DC/DS/DI Raymond Milton "Ray" Carling is a fictional character in BBC One's science fiction/police procedural drama, Life on Mars and its spin-off Ashes to Ashes.

Storylines

Life on Mars

Ray Carling is shown to be similar in character to his boss, DCI Gene Hunt. During Life on Mars, Carling often prefers Hunt's brutality and corruption over DI Sam Tyler's ideas. Carling has also been described by the BBC's website as Hunt's "right-hand man when it comes to fighting, shooting, gambling and the ladies".

Throughout the series, Carling frequently clashes with Sam Tyler regarding his policing methods.
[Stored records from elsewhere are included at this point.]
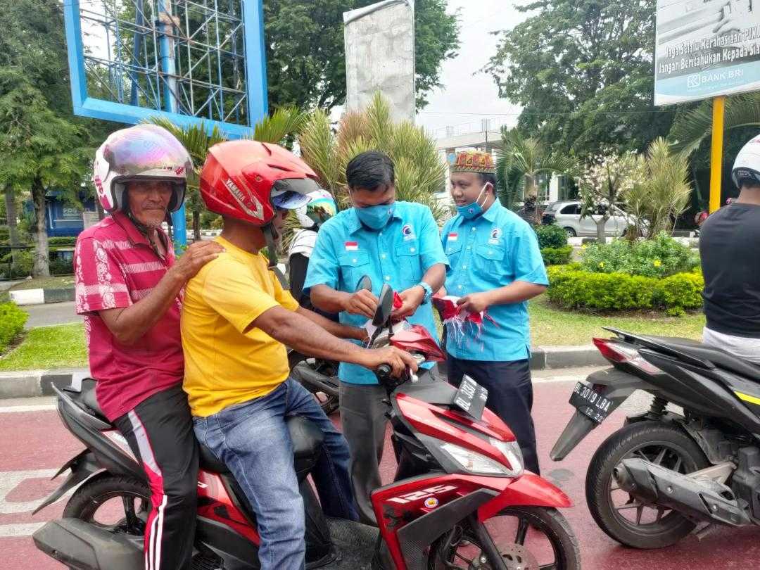 Di Aceh, pembagian Bendera Merah Putih dilakukan DPW Partai Gelora Aceh dan DPD Banda Aceh kepada para pengguna jalan pada Senin (16/8/2021) siang. Warga terlihat sangat antusias ketika dipasangkan Bendera Merah Putih di kendaraan mereka.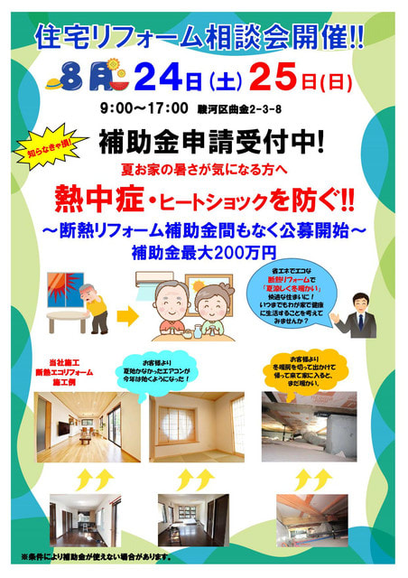 「断熱リフォームで家が暑い!!をなくす」相談会 2019年度リフォーム補助金申請受付中&エアコン工事特別価格☆★静岡市駿河区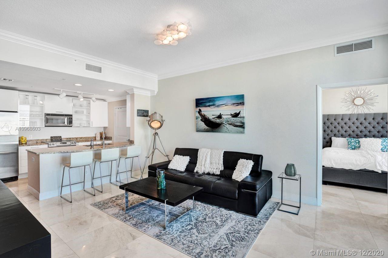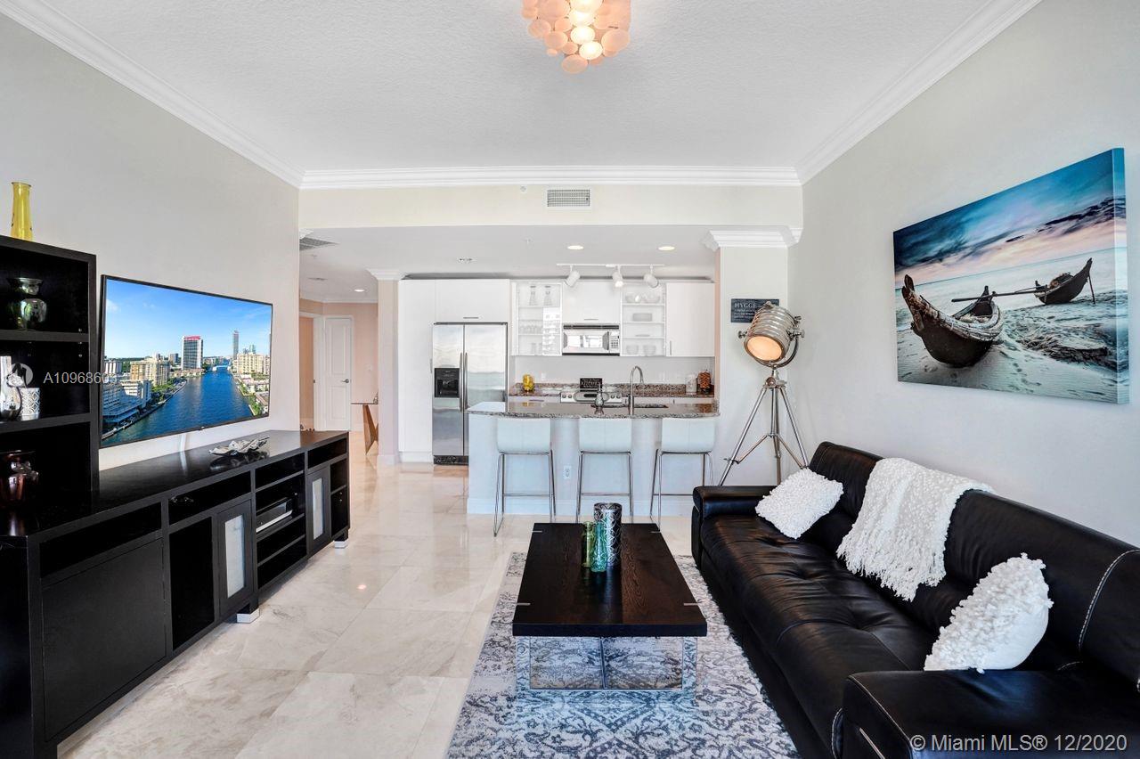 Own a FULLY FURNISHED, gorgeous piece of waterfront paradise in Hallandale Beach! 1,250SF, 2BR/2.5BA+dining & laundry room & 152SF balcony w/intracoastal, ocean & city views. Enter this serene condo & relaxation immediately sets in w/welcoming living decor & water views. Ideal for seasonal buyer, investor or homeowner. Open kitchen, newly updated w/white cabinets, granite counters, stainless appliances & counter bar seating area. Master suite w/custom walk-in closet, 2 sinks, Roman tub &, frameless shower. 2nd BR w/ensuite bath, custom closet & balcony access. 2 garage spots & storage unit. Resort-style amenities–heated pool w/36 private cabanas, whirpool, gym, lounge, biz center, billiards, valet parking, security & more. Pets <20lbs welcome. Also for rent.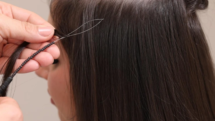 Kann eine Ghostloop® Extensionssträhne einmal herausgehen? Ja, das kann passieren. Durch natürlichen Haarausfall, denn das eigene Haar befindet sich immer in verschiedenen Wachstumsphasen. Das ist normal und kein Grund zur Sorge. Anders sieht es bei ungewöhnlich starkem Zug aus. Bei vielen anderen Systemen bedeutet das: Die Strähne geht heraus und reißt Eigenhaare mit. Bei Ghostloop® nicht. Die Strähne zieht sich über den Ring und das Eigenhaar bleibt vollständig intakt. Sie kann sofort wieder eingesetzt werden. Und weil jede Ghostloop® Strähne einzeln sitzt und sich frei bewegt, gibt es weniger Punkte, an denen sich beim Bürsten oder Frisieren Haare verfangen und herausreißen könnten. Das Haar bleibt gesund, auch im Alltag.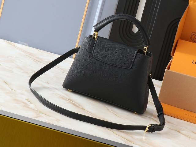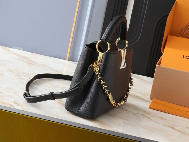 升级原版 M23949 M23950 M24471 M23951本款 Capucines Bb 手袋拥有华美 Lovelock 编织链条,以链环衔接手绘珐琅 Monogram 元素和 Lv 铭纹挂锁。撞色皮革构筑标志性 Lv 标识,雅致气息不言而喻。尺寸:27 X 17.5 X 9.0 厘米 长 X 高 X 宽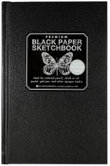 Szkicownik z czarnymi kartkami, idealny do rysunków kredą, pastelami olejnymi, długopisami żelowymi i podobnymi materialami. Zszywany, twarda okładka, czarny papier gładki, ciężki, o gramaturze 110g/cm2. Kartki mikroperforowane - przez co można je łatwo oderwać z notesu. 192 strony. Mały format 14,6x22,2 cm.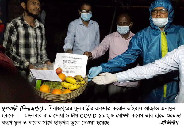অমর চাঁদ গুপ্ত, ফুলবাড়ী (দিনাজপুর) থেকে : করোনাভাইরাস যুদ্ধে জয়ী হয়ে স্বাভাবিক জীবনে ফিরে পেলেন দিনাজপুরের ফুলবাড়ীর একমাত্র করোনাভাইরাসে (COVID-19) আক্রান্ত এনামুল হক। এনামুল হক ফুলবাড়ী উপজেলার ৬নং দৌলতপুর ইউনিয়নের দৌলতপুর মধ্যমপাড়া গ্রামের তোফাজ্জল হোসেনের ছেলে।

It is revealed that Carling had applied for promotion to DI (Detective Inspector), but was passed over for the apparently transferred Sam Tyler, fuelling his grudge against Tyler.

During episode 7 of the first series, Billy Kemble is arrested on drug-related charges. In an attempt to make him reveal his supplier, Carling and Chris Skelton force-feed Kemble cocaine, but Kemble has a heart attack and dies in police custody. After an extensive cover-up operation, Hunt angrily demotes Carling to DC (Detective Constable).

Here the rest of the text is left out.